ISO and IEC maintain terminological databases for use in standardization at the following addresses:
— IEC Electropedia: available at https:// www .electropedia .org/
— ISO Online browsing platform: available at https:// www .iso .org/ obp
3.1
nanoscale
length range approximately from 1 nm to 100 nm
[SOURCE: ISO 80004-1:2023, 3.1.1]
3.2
nano-object
discrete piece of material with one, two, or three external dimensions in the nanoscale (3.1)
[SOURCE: ISO 80004-1:2023, 3.1.5]
3.3
nanoparticle
nano-object (3.2) with all external dimensions in the nanoscale (3.1)
Note 1 to entry: If the dimensions differ significantly (typically by more than three times), terms such as nanofibre or
nanoplate are preferred to the term nanoparticle.
[SOURCE: ISO 80004-1:2023, 3.3.4]

ISO 21362:2026(en)
3.4
field-flow fractionation
FFF
separation technique where a field is applied to a liquid suspension passing along a narrow channel (3.7) in
order to induce separation of the particles present in the liquid, dependent on their differing mobility under
the force exerted by the field
Note 1 to entry: The field can be, for example, gravitational, centrifugal, liquid flow, electrical or magnetic.
Note 2 to entry: Using a suitable detector after or during separation allows determination of the mean size and size
distribution of nano-object (3.2) populations.
3.5
asymmetrical flow field-flow fractionation
AF4
separation technique that uses a cross flow (3.19) field applied perpendicular to the channel flow (3.21) to
achieve separation based on analyte diffusion coefficient or size
Note 1 to entry: Cross flow occurs by means of a semipermeable (accumulation) wall in the channel, while cross flow is
zero at an opposing nonpermeable (depletion) wall.
Note 2 to entry: By comparison, in symmetrical flow, the cross flow enters through a permeable wall (frit) and exits
through an opposing semipermeable wall and is generated separately from the channel flow.
Note 3 to entry: Nano-objects (3.2) generally fractionate by the “normal” mode, where diffusion dominates and the
smallest species elute first.

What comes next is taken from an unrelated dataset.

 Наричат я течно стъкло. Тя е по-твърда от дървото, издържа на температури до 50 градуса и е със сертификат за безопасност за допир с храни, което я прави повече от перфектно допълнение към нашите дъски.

In the micrometre size range, the “steric-lift hyperlayer” mode of fractionation is generally
dominant, with the largest species eluting first. The transition from normal to steric-lift hyperlayer mode (3.33) can be
affected by material properties or measurement parameters, and therefore is not definitively identified; however, the
transition can be defined explicitly for a given experimental set of conditions; typically, the transition occurs over a
particle size range from about 0,5 µm to 2 µm.

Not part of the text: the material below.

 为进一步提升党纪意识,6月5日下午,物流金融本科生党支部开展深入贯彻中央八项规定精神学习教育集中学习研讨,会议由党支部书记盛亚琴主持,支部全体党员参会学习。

Note 4 to entry: Including both normal and steric-lift hyperlayer modes, the technique has the capacity to separate
particles ranging in size from approximately 1 nm to about 50 µm.
3.6
centrifugal field-flow fractionation
CF3
separation technique that uses a centrifugal field applied perpendicular to a circular channel (3.7) that spins
around its axis to achieve size separation of particles from roughly 10 nm to roughly 50 µm.

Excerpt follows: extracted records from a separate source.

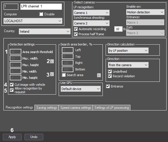 1. Go to the settings panel of the LPR channel object corresponding to the activated software module (see Activating the software module used for identifying the plates).
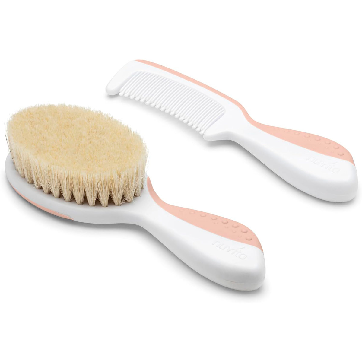 Un kit de cepillo de cerdas naturales para que puedas utilizarlo con un poco de aceite para tratar el pelo del bebé. El peine es redondeado y con forma ergonómica para evitar hacerle daño en la cabeza mientras se peina.
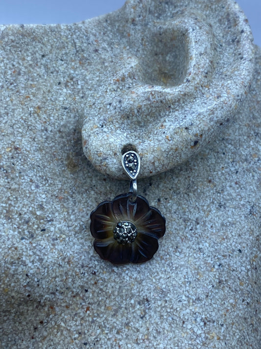 Vintage Marcasite Mother of Pearl Rose 925 Sterling Silver Dangle Earrings
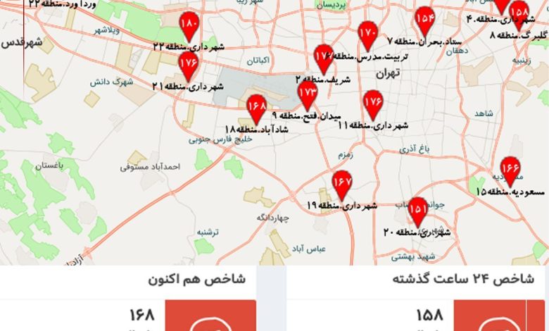 هوای شهر تهران هماکنون باوجود بارش باران در برخی از نقاط شهر با شاخص ۱۶۸ در وضعیت قرمز و ناسالم قرار دارد.
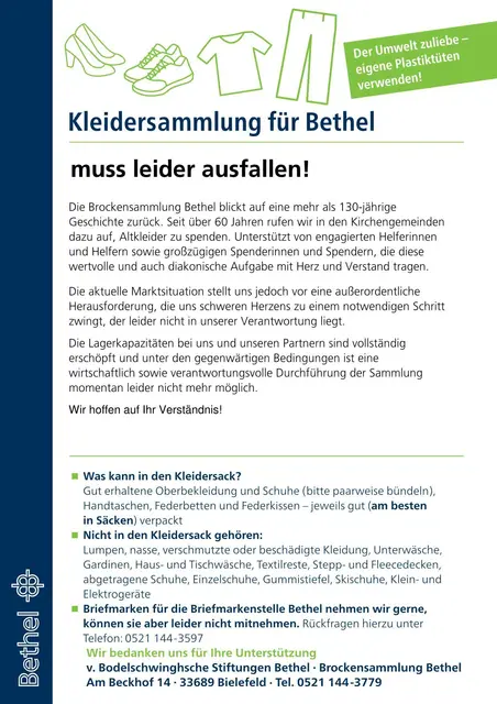 Leider muss die evangelische Kirchengemeinde mitteilen, dass die Kleidersammlung für Bethel von der "Brockensammlung Bethel" für das Jahr 2025 kurzfristig abgesagt wurde. Die Sammlung hätte vom 13.-17. Oktober 2025 im Gemeindehaus stattfinden sollen.

Note 1 to entry: Separation is governed by a combination of size and effective particle density.
Note 2 to entry: Applicable size range is dependent on and limited by the effective particle density.
3.7
channel
thin ribbon-like chamber with a parabolic flow profile required for separation
under the influence of a field applied perpendicular to the channel flow (3.21)
Note 1 to entry: Channel thickness (3.9) can vary and is nominally determined by a spacer (3.8) insert, while fixed-
height channels have a predefined thickness and do not use inserts.
Note 2 to entry: In asymmetrical flow field-flow fractionation (3.5), a trapezoidal channel is commonly used, typically
with a maximum breadth of ca. 20 mm to 25 mm and length of ca. 100 mm to 300 mm.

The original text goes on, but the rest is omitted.